Zarya-3 stayed in orbit for over a full day, smashing the 7 hour duration record set by Mercury-5 the previous December. In terms of man-hours on orbit, Zarya-3’s record was an even more impressive, topping 51 hours for a single mission. Although conditions were cramped for Leonov and Belyayev, the removal of ejection seats meant that they had enough space to remove the outer layers of their spacesuits, and both men were able to sleep for short periods during the mission.
The only significant problem encountered during the mission occurred during the return to Earth. Following the separation of the PA, the SA re-entry capsule experienced a sudden depressurisation. Fortunately both cosmonauts had been wearing their spacesuits for the critical return journey, and both were able to seal their faceplates before suffering any worse than a bloody nose and a minor fright. However, the air-cooled electronics in the SA module soon began to overheat in the near-vacuum of the cabin, and the cosmonauts were forced to quickly shut down all unnecessary systems in an effort to keep essential systems functioning. Fortunately the aerodynamic design of the Zarya capsule meant that the re-entry was able to continue unguided to a successful ballistic landing in Russia a few hundred kilometres from the target zone, with recovery forces arriving on the scene around two hours after touchdown. The cause of the depressurisation was later traced to a faulty valve in the SA - a case of poor quality control. This event solidified the Soviet practice of cosmonauts always wearing full spacesuits for critical mission events.

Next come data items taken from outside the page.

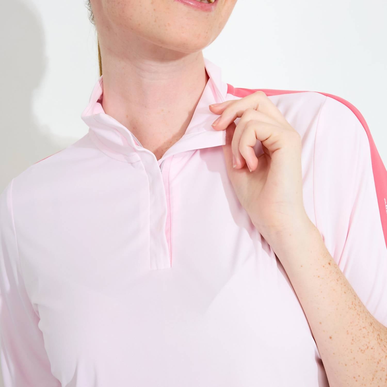 The short sleeve tee you'll want in every color. Introducing the Aloha Half-Zip Short Sleeve Shirt by Abacus Sportswear US, designed for women seeking both style and sun protection. This sporty top in light pink features short sleeves, a mockneck, and a zip closure, perfect for a day on the golf course. Made from nylon with a UPF 50 rating, it offers enduring UV protection without chemicals, while DryCool technology ensures you stay cool and comfortable. Care: Machine wash and line dry.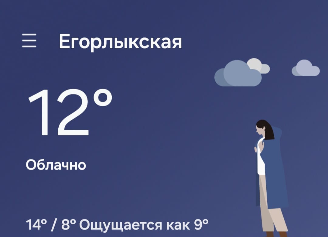 По данным сайта «365 по Цельсию», 29 октября 2025 года в Егорлыкской (Егорлыкский район) ожидается: Днём: +14 °C, переменная облачность, ощущается как +15 °C. Вероятность осадков — 40%. Ветер 5 м/с. Влажность воздуха — 69%. Атмосферное давление — 767 мм рт. ст. Ночью: +9 °C, местами дождь, ощущается как +7 °C. Рассвет в этот день наступит в 06:53, закат — в 17:05. ФОТО: скриншот виджета погоды с телефона ▶️ Налоговая служба начнёт автоматически…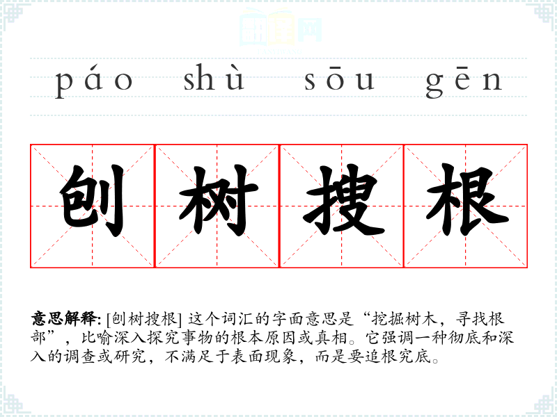 [刨树搜根] 这个词汇的字面意思是“挖掘树木,寻找根部”,比喻深入探究事物的根本原因或真相。它强调一种彻底和深入的调查或研究,不满足于表面现象,而是要追根究底。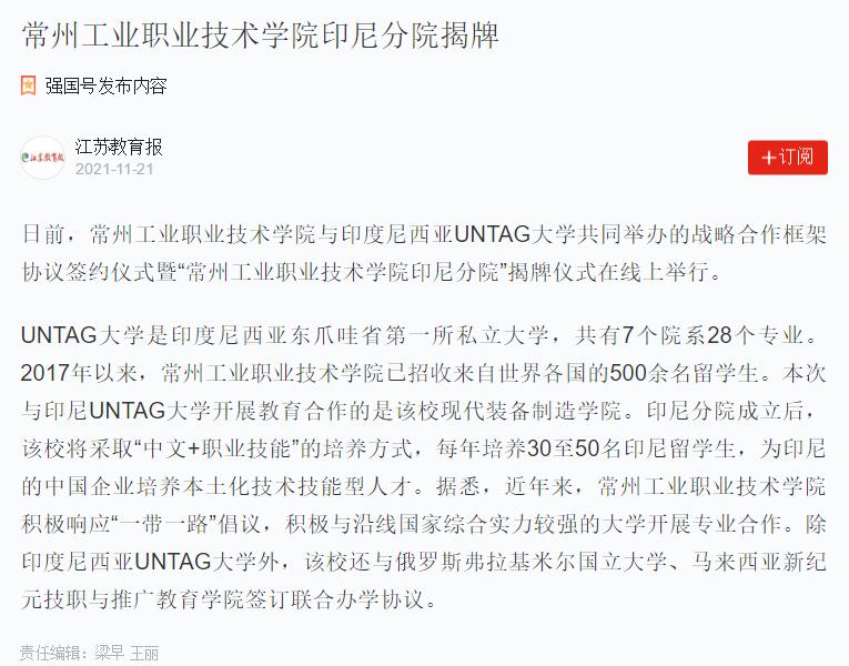 学习强国-常州工业职业技术学院印尼分院揭牌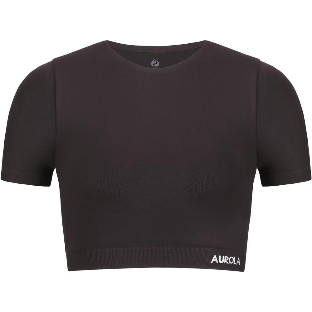 AUROLA Essentials Seamless Short Sleeve Crop Top for Women Workout Active Comfort Athletic Shirts Tee(Seal Brown)

The Zarya-3 mission was a badly needed propaganda boost for the Soviet Union. Whilst the USAF could just about manage to send one man into space for a few hours, the USSR was launching multi-man, multi-day flights. For Khrushchev the mission gave him a genuine triumph to point to at a time when the Soviet economy was slowing and Soviet influence abroad was waning.
Mishin too was buoyed by the success. He was directing real missions with real achievements, whilst arch-rival Chelomei played with his toy spaceplanes. With his next flight, Mishin aimed to top Zarya-3’s achievements with something even more spectacular - something that would finally give him enough prestige to overcome Khrushchev’s patronage and supplant Chelomei as the undisputed leader of the USSR’s space programme.